Your next step would be to check-in the AI Skill: to make it available to Citizen Developers and Pro Developers using the AI Skill: package.

Why would you check-in an AI Skill:?

After creating an AI Skill:, check it into the Public folder. This will let the Pro Developer, and Citizen Developer use it from the AI Skill: package in the production environment.

A Task Bot, with one or multiple embedded AI Skill: can be added to a larger automation that would run a complete workflow scenario.

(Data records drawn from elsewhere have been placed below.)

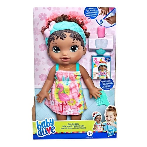 Faça a boneca com tema de spa parecer glam - o bebê adora se mimar dê a baby alive glam spa baby uma linda manicure e pedicure reveladora e, em seguida, coloque a máscara da boneca em seu rosto e revele a maquiagem dos olhos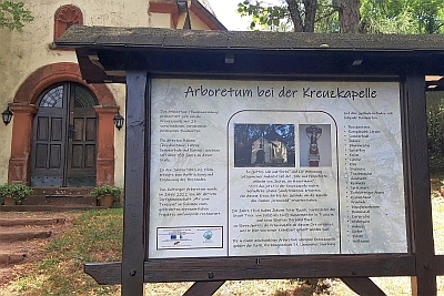 Das Arboretum (Baumsammlung) präsentiert sich um die Kreuzkapelle mit 25 verschiedenen, vornehmlich heimischen Baumarten. Die ältesten Bäume (Rosskastanie, Lärche, Sommerlinde und Robinie) wachsen seit über 180 Jahren an dieser Stelle. In den Jahren 1993 bis 1996 erfolgte eine Auffrischung und Ergänzung des Bestandes.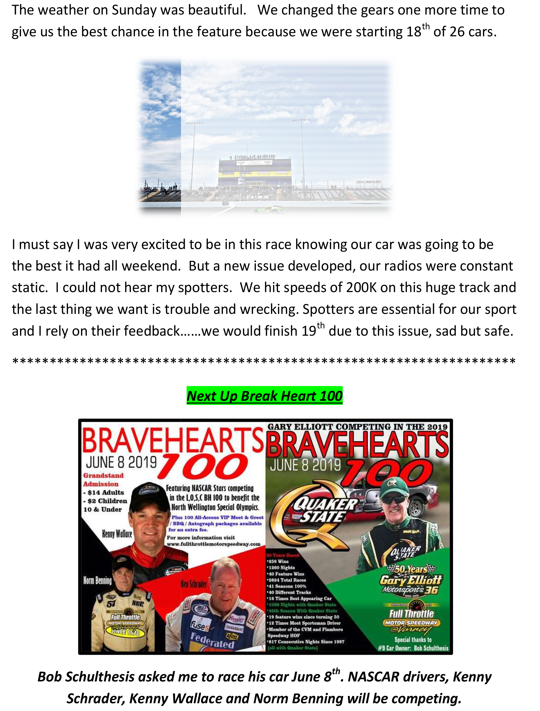 OSCAAR Quaker State Team Survives a Tough One; Radio Communication Took Us Out By officialrelease01 on June 4, 2019 • ( Leave a comment ) Share this: Click to share on X (Opens in new window) X Click to share on Facebook (Opens in new window) Facebook Like Loading... Related Categories: OSCAAR, OSCAAR modifieds, Press Release Tagged as: gary elliott, gary elliott motorsports, oscaar, OSCAAR modifieds, Press Release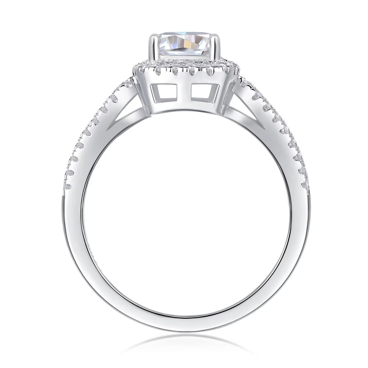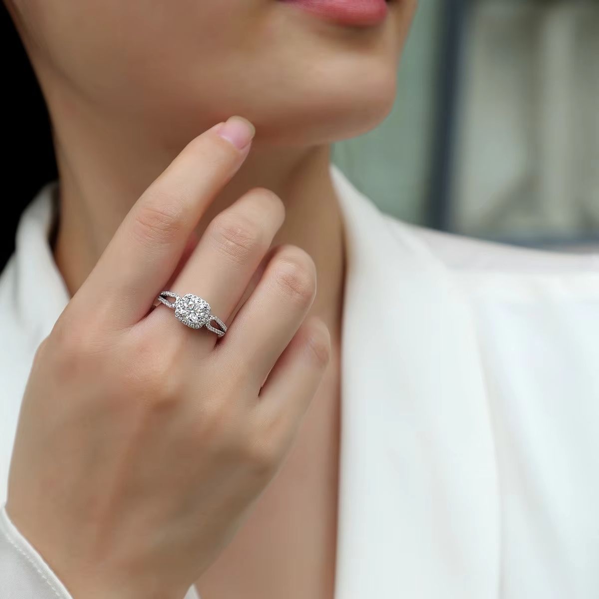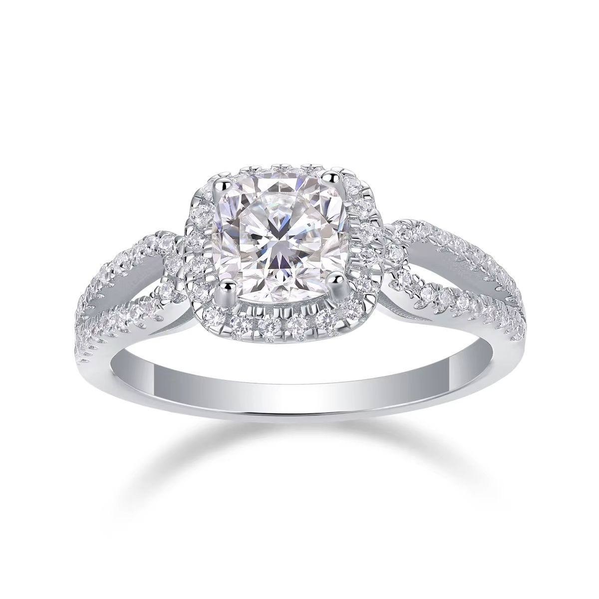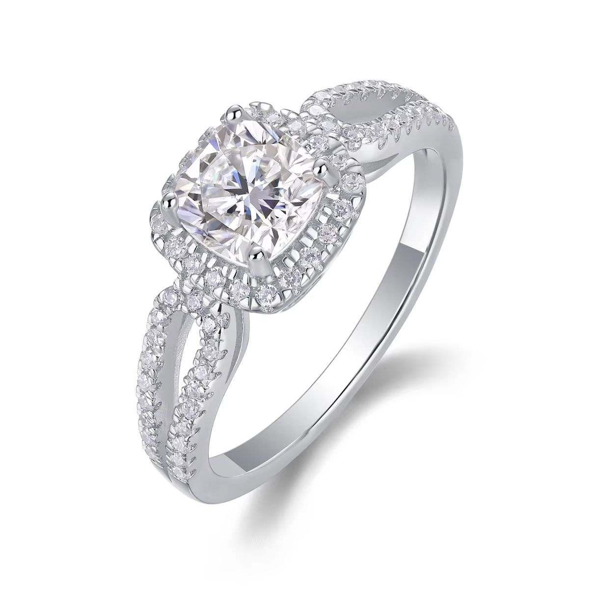 Moissanite Cushion 925 Silver Engagement Ring Ladies Pave Setting Jewelry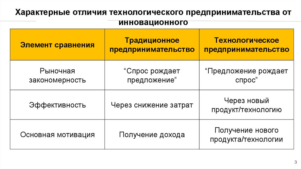 Характерные отличия технологического предпринимательства отинновационного

You would create such a workflow in a Process Composer.

주: When you create or test an AI Skill: in the AI Skill screen, the success or failure details along with the model responses can be viewed in these navigation screens:
  • Administration > AI governance > AI Prompt log
  • Administration > AI governance > Event log
  • Administration > Audit log

See AI 거버넌스.

As the next step in your sequence of tasks, go to Task Bot에 AI Skill: 사용 and use the AI Skill: in an automation.